Tous ces ‘docteurs’ se sont répartis les internationaux (cinq chacun) et sont allés les voir dans leurs clubs à plusieurs reprises. Ils ont également rempli des armoires de classeurs de notes sur les adversaires de la Suisse et même des futures équipes que la Suisse aurait pu rencontrer en quarts de finale, voire plus loin.

Pire, des investissements sans précédent ont été consentis au niveau du développement et de la mise au point d’une batterie de tests élaborée par des médecins, des physios et des spécialistes en condition physique de Macolin.

Chaque international a dû se soumettre à un programme spécifique dans son club et effectuer des tests tous les mois.

Aujourd’hui, c’est le moment du bilan et des questions! Le travail a-t-il été bien fait? Qui a-t-il dans tous ces cahiers de note? Les batteries de tests et les milliers de francs dépensés en valaient-ils la peine? Qu’a réellement fait Adrian Knup à part l’homme invisible? Où est passé Stéphane Chapuisat, la figure suisse de l’Euro?

J’aimerais simplement des réponses. Et voir tous ces responsables prendre leurs responsabilités. Car il y a eu abondance de biens, de moyens et d’hommes… pour un résultat zéro. Même l’Autriche (avec un seul point au compteur contre 3 à la Suisse) est restée plus longtemps que nous dans le tournoi.

Je ne suis pas là pour dire: ce sont des nuls. J’ai juste l’impression qu’ils sont nuls… à moins qu’ils me montrent ce qu’ils ont fait! Alors, soit ils changent de politique, soit ils remettent leurs mandats en question.

swissinfo: Cela va-t-il changer avec l’arrivée d’Ottmar Hitzfeld?

U.B.: Je pense effectivement que oui. Je connais assez bien Ottmar Hitzfeld et je suis sûr qu’il va très vite demander au Département technique de l’ASF de le laisser faire son boulot et de s’occuper de ses affaires: soit des sélections juniors sur le déclin, en ne ratant pas la naturalisation de jeunes talents comme celle de Petric ou Rakitic, qui jouent aujourd’hui sous les couleurs de la Croatie.

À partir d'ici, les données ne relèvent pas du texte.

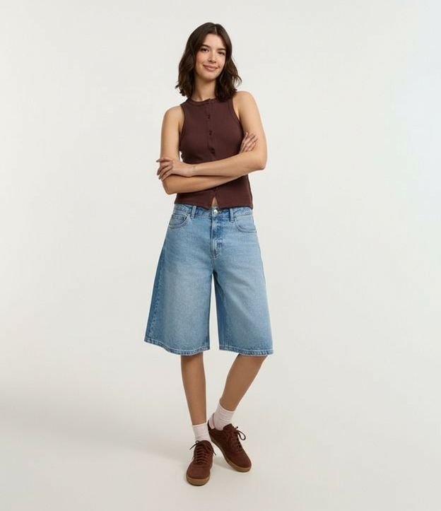 Blusa sem mangas confeccionada em ribana com algodão certificado BCI. A peça tem gola redonda e abotoamento frontal.
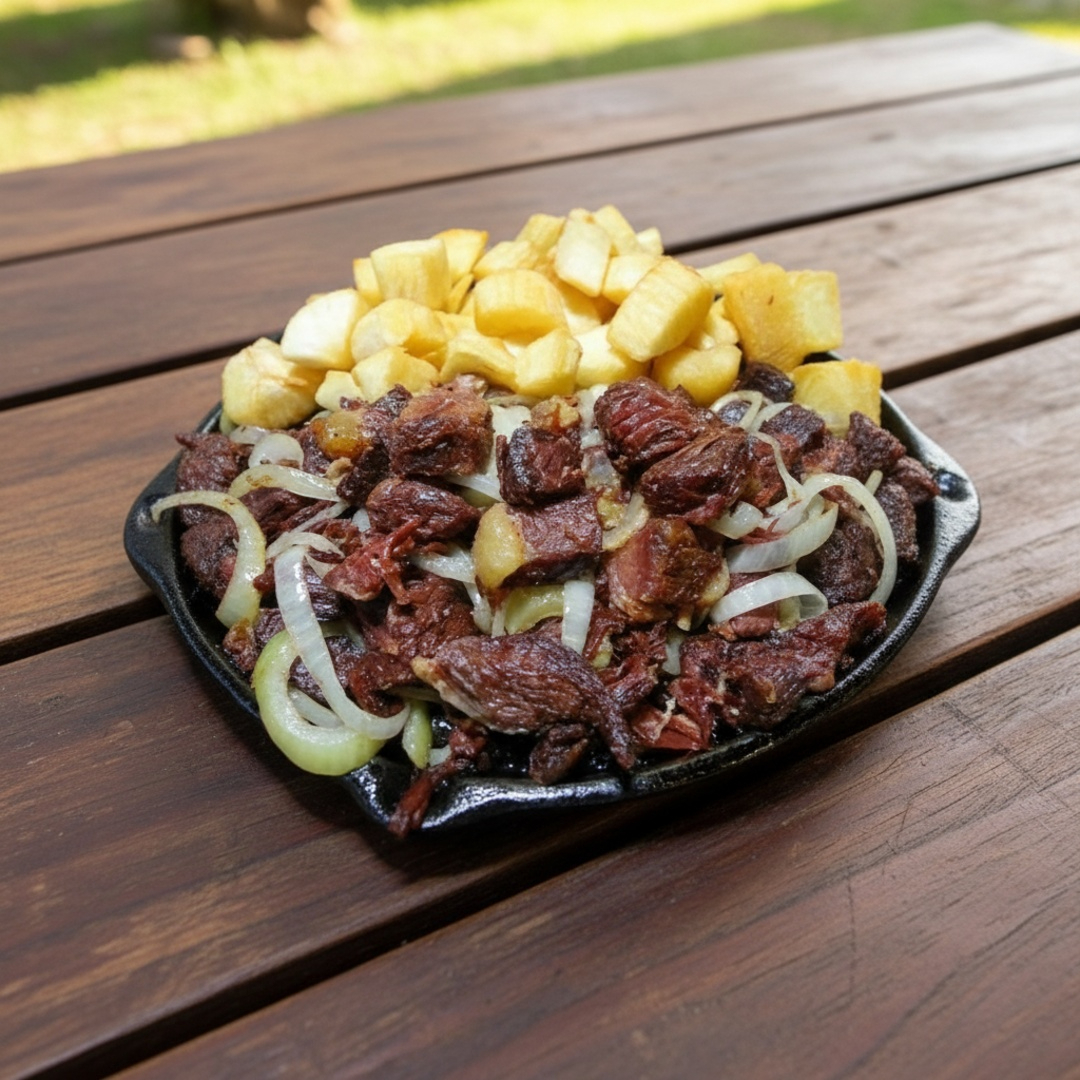 Feijão fraldinha, arroz ,carne seca desfiada , queijo coalho e Picanha grelhada na Brasa
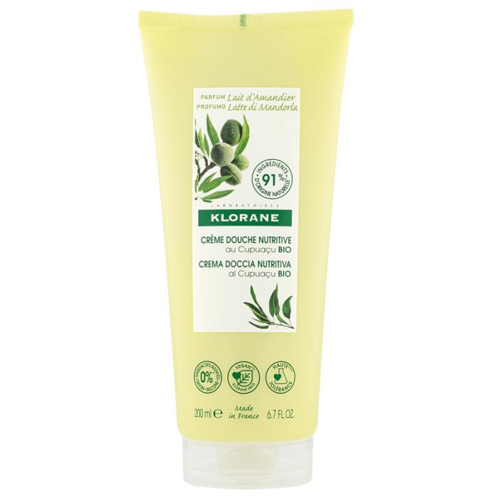 Душ-кремът с аромат мляко от бадем на Klorane нежно почиства и интензивно подхранва суха и много суха кожа. Кремообразната, луксозна формула предлага предимствата на маслото от органично купуасу, което е 1,5 пъти по-подхранващо от маслото от карите. Душ-кремът, богат на мастни киселини и силно подхранващи натурални активни съставки, позволява на кожата да задържа вода, осигурявайки ѝ еластичност и хидратация. Кожата е перфектно почистена и подхранена, обгърната от успокояващи нотки на фрезия, мляко от памук и плод от купуасу. Душ-кремът е нежен към кожата и околната среда, екологичен, с биоразградима* формула и с опаковка с еко дизайн, изработена от 40% по-малко пластмаса.
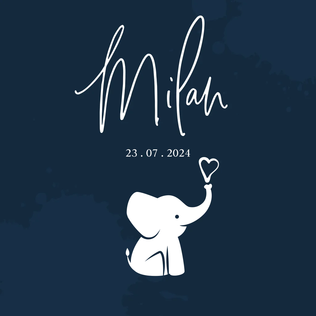 "Hip en stoer geboortekaartje met silhouet van een olifantje in goudfolie. Kies een donkere achtergrond om de naam van jullie kindje er extra uit te laten springen.

Interview-swissinfo: Mathias Froidevaux

Né le 5 juin 1952 à Sion en Valais, Umberto Barberis a été le consultant de swissinfo pour les derniers matches de préparation de l’équipe de Suisse ainsi que les rencontres disputées par la troupe de Köbi Kuhn durant l’Euro. Il vous donne aussi rendez-vous sur le Blog VIP de swissinfo où vous pourrez réagir à ses propos très… tranchés.

Meneur de jeu durant sa carrière de footballeur, il a remporté trois Coupe de Suisse (deux fois avec Servette et une fois avec Sion), deux championnats de Suisse (avec Servette), un championnat de France (avec Monaco) et quatre Coupe de la Ligue (avec Servette).

En 1982, il a été élu meilleur joueur étranger du championnat de France.

Il compte 54 sélections en équipe de Suisse (7 buts).

Devenu entraîneur dès la fin des années 80, il a successivement présidé aux destinées de quatre clubs romands : Lausanne-Sport, Sion, Servette et Baulmes.